▶ Records for the exercise:
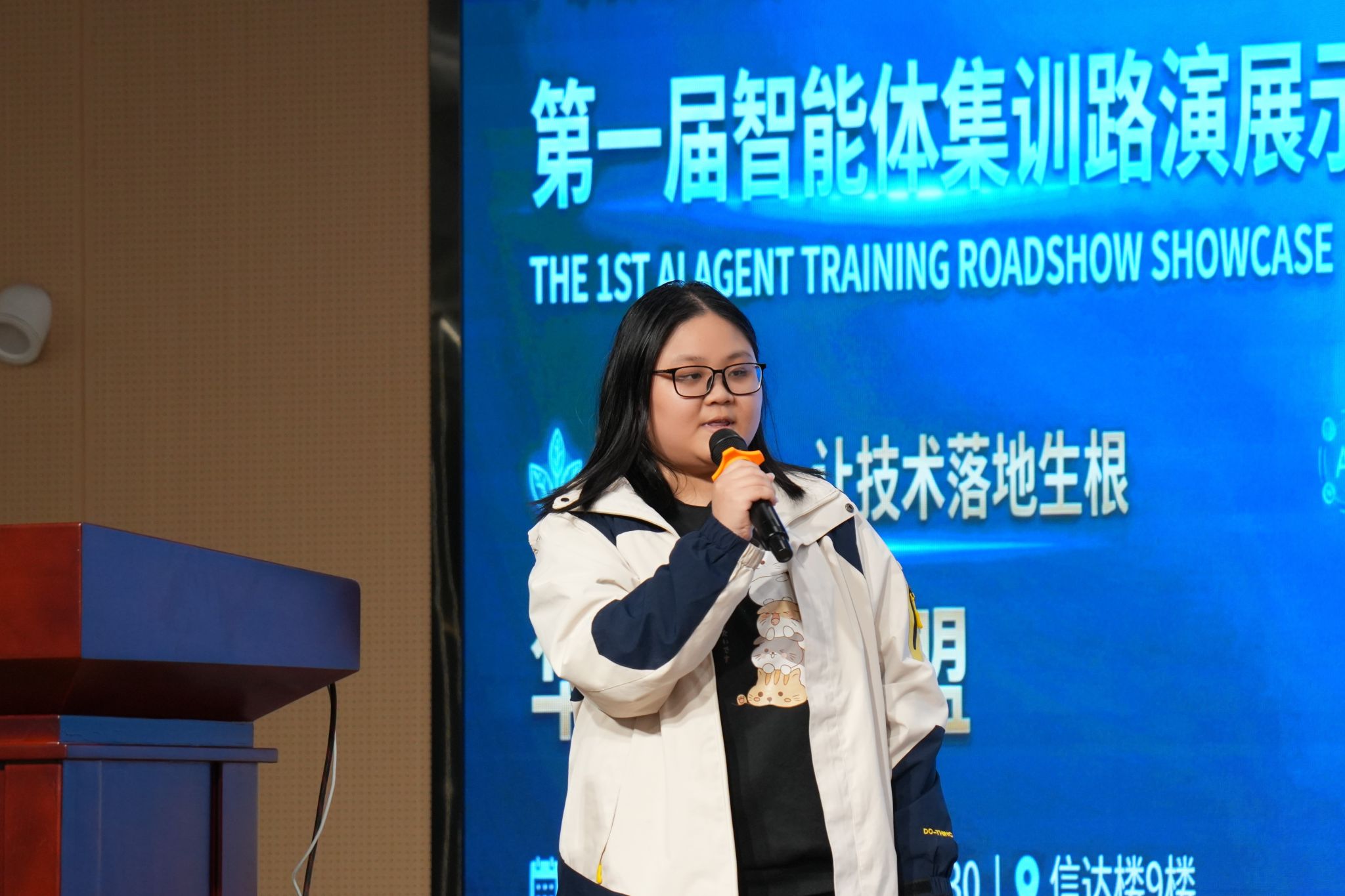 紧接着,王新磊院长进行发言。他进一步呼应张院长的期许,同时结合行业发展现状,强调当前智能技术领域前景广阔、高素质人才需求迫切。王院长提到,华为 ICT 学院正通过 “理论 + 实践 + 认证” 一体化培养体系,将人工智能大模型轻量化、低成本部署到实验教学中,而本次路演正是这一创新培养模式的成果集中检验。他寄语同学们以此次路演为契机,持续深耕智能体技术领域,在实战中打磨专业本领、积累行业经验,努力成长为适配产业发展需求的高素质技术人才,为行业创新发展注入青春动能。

* * *

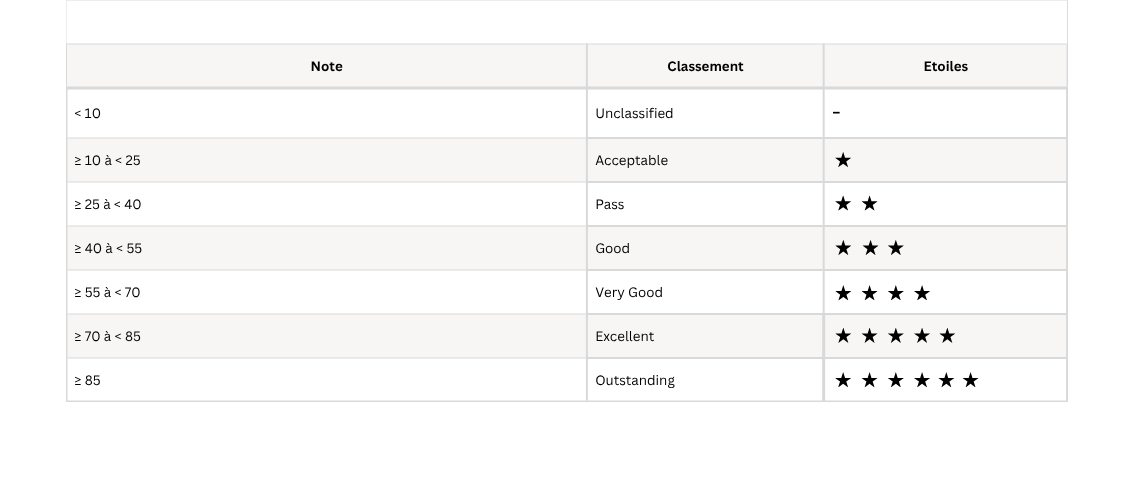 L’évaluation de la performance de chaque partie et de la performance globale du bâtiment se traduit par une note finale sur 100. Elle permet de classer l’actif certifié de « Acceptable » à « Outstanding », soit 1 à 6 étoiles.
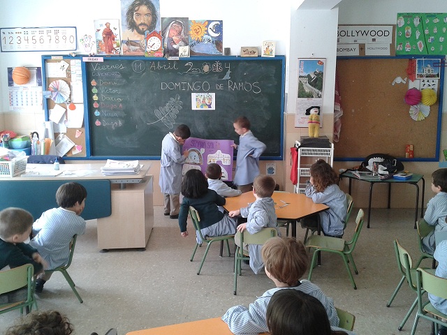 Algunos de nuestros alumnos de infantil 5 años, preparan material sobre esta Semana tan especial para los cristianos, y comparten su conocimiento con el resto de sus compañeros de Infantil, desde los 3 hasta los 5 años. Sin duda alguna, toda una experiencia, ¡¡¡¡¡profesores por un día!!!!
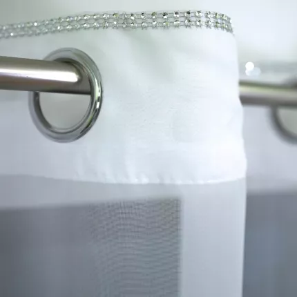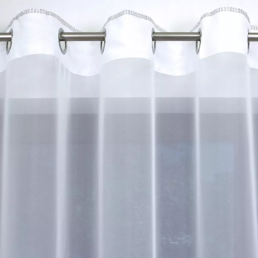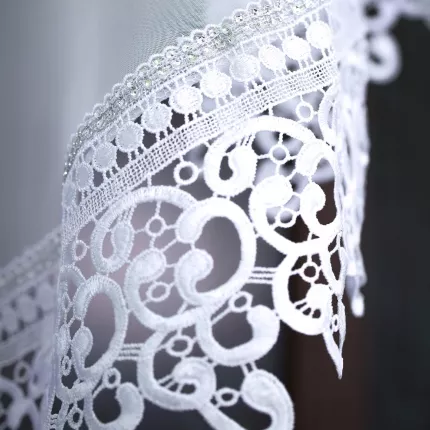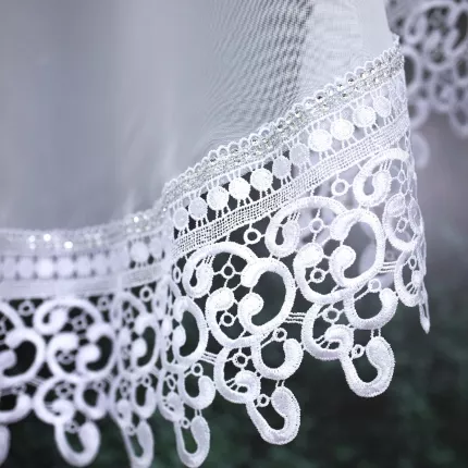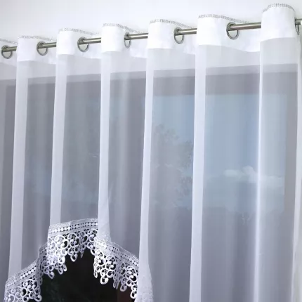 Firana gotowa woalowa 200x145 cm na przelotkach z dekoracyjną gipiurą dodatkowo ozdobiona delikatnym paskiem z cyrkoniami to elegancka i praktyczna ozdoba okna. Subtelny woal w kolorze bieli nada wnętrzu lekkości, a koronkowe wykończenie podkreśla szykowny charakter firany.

▶ What you should do:
Copy only what runs above from the line containing "L’évaluation de la" through the line containing "Firana gotowa woalowa", exactly. Leave out the pictures.

▶ Result of this task:
 L’évaluation de la performance de chaque partie et de la performance globale du bâtiment se traduit par une note finale sur 100. Elle permet de classer l’actif certifié de « Acceptable » à « Outstanding », soit 1 à 6 étoiles.
 Algunos de nuestros alumnos de infantil 5 años, preparan material sobre esta Semana tan especial para los cristianos, y comparten su conocimiento con el resto de sus compañeros de Infantil, desde los 3 hasta los 5 años. Sin duda alguna, toda una experiencia, ¡¡¡¡¡profesores por un día!!!!
 Firana gotowa woalowa 200x145 cm na przelotkach z dekoracyjną gipiurą dodatkowo ozdobiona delikatnym paskiem z cyrkoniami to elegancka i praktyczna ozdoba okna. Subtelny woal w kolorze bieli nada wnętrzu lekkości, a koronkowe wykończenie podkreśla szykowny charakter firany.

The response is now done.